1. Home
  2. /
  3. 10/21/2021: Learned Data Structures,...

10/21/2021: Learned Data Structures, Alexander Irribarra, University of Concepción

Speaker/presenter: Alexander Irribarra

i) Presentation description:

Learned data structures are a novel way to design data structures. By “learning” from the data, hidden patterns may be exploited to have faster operations while using less space, in contrast to traditional data structures which usually have to be specifically designed to exploit already known patterns. In general, this “learning” from the data involves applying machine learning techniques to obtain models that can predict the results of certain operations within a bounded error, and then use smaller traditional data structures to correct that error, such as the Recursive Model Index [1]. Despite this, the concept of when a data structure is “learned” is very broad, and there are learned data structures which use other techniques to exploit the patterns on the data.
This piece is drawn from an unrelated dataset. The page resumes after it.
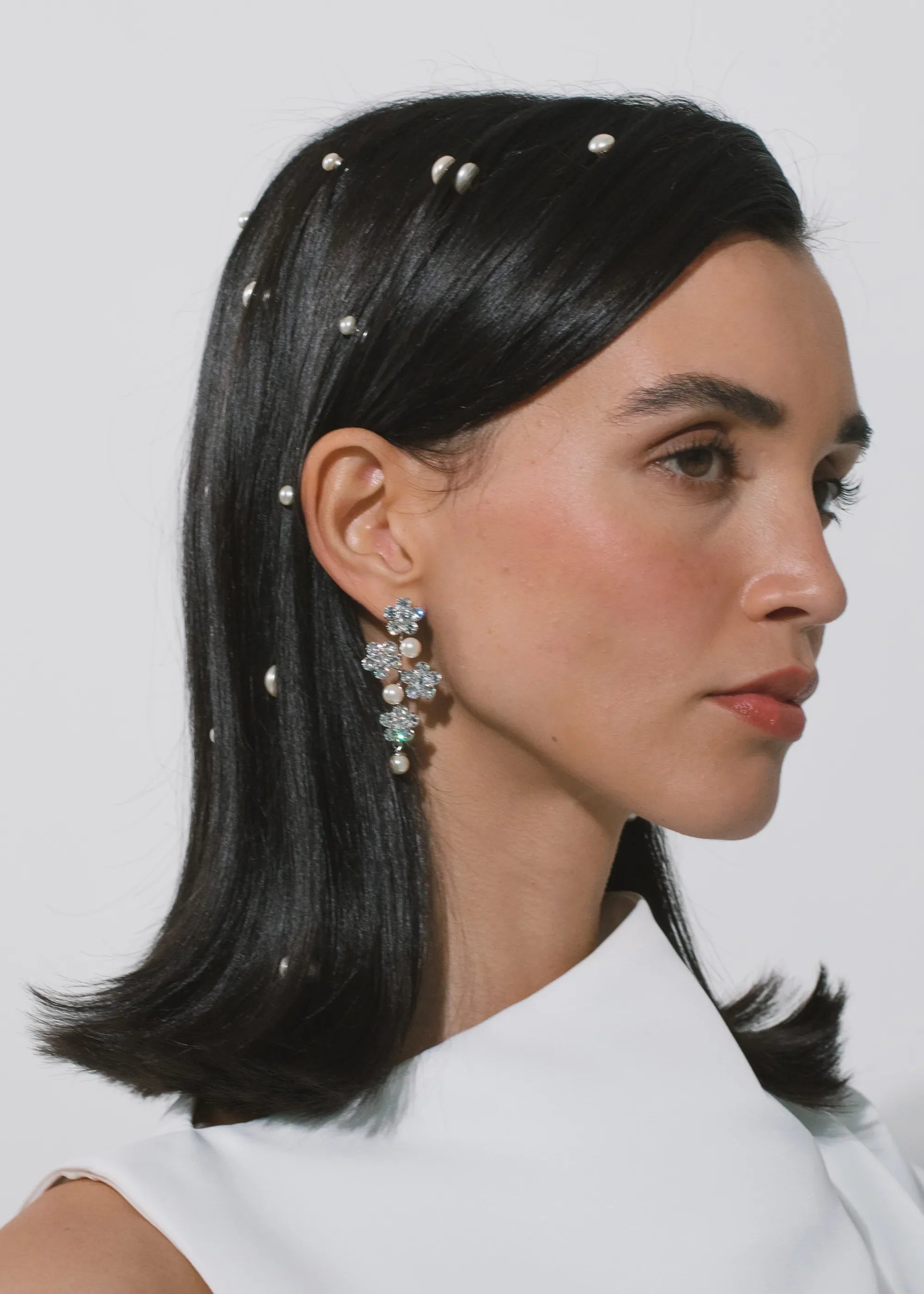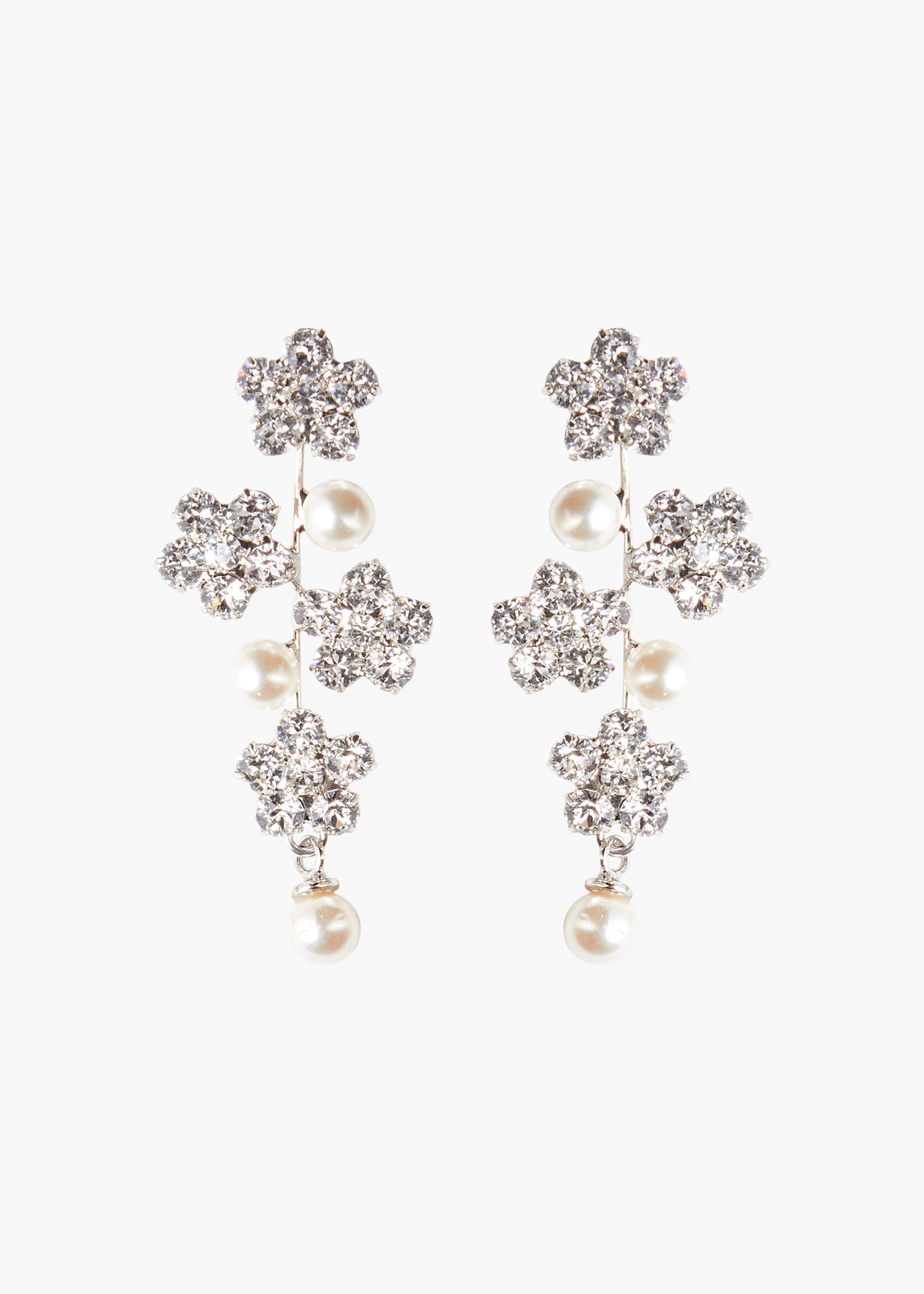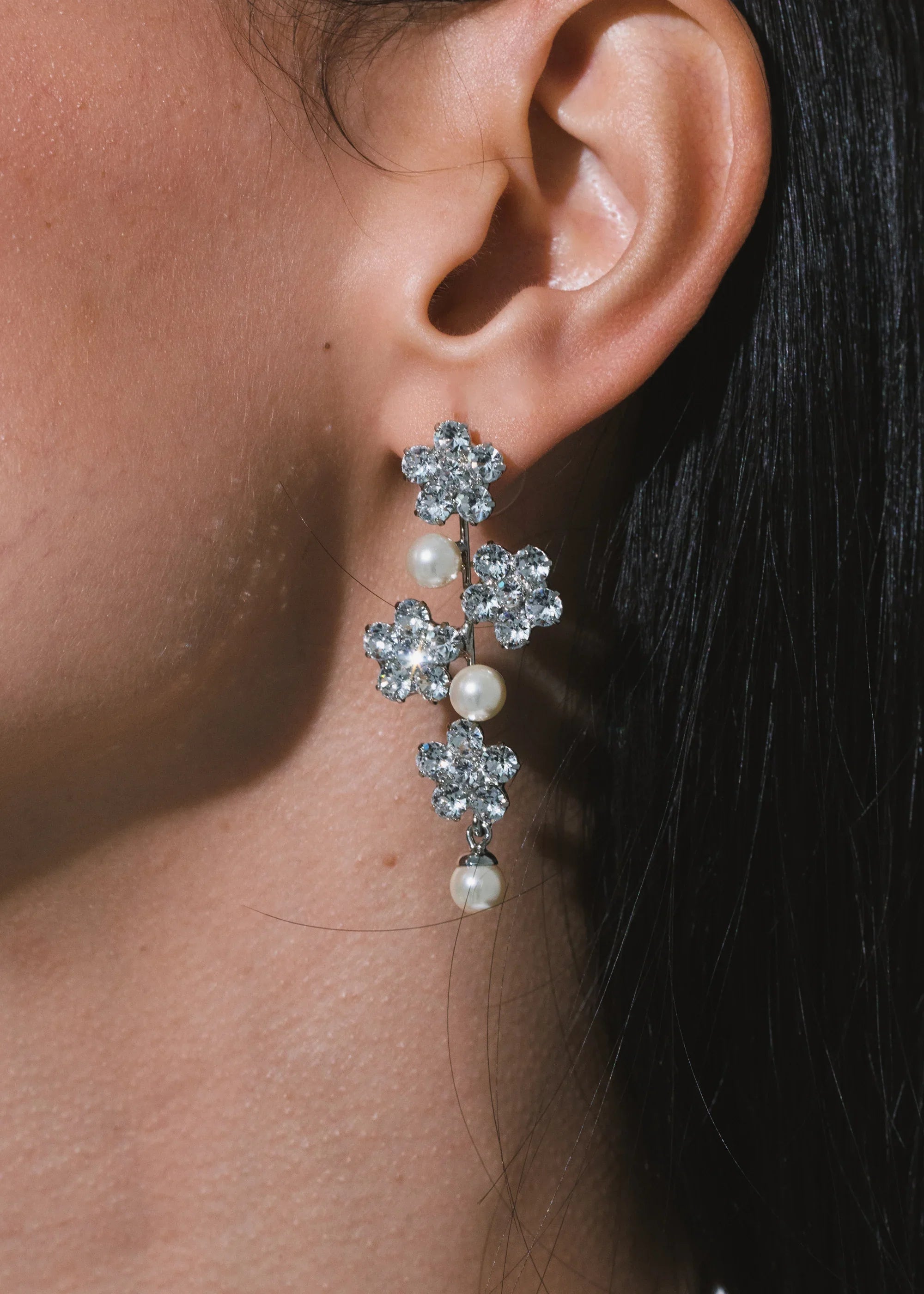 The Aria Earring gives you the best of both worlds: the sparkle of crystal flowers mixed with classic crystal pearl elements. Made by hand in New York City.

Some examples of learned data structures include the Recursive Model Index [1], which allows for indexing sorted data, thus providing range and point search over the data, which are operations that can be supported with a B-Tree [2]. In fact, a B-Tree can be seen as a model which can, given a key, predict the position of that key on the database within a bounded error which corresponds to the pagesize. By creating a directed acyclic graph of models and training them on the data, the previously mentioned queries can be supported, although it does not allow for writes and updates. This weakness is covered by ALEX [3], which by providing some operations such as merging models, allocating gapped arrays for the data and splitting models, can support both read and write operations and be faster and smaller than a B+-Tree. Another example is presented in [4], in which the authors present an almost optimal size learned data structure for rank/select dictionaries, which is obtained by storing a Piecewise Linear Approximation of a mapping of the elements into the cartesian plane and the errors from the approximation. This is represented compactly using existing compact data structures for the approximations and for the errors. By doing so, this new representation can support the rank and select queries in a space and time very competitive with the state of the art solutions.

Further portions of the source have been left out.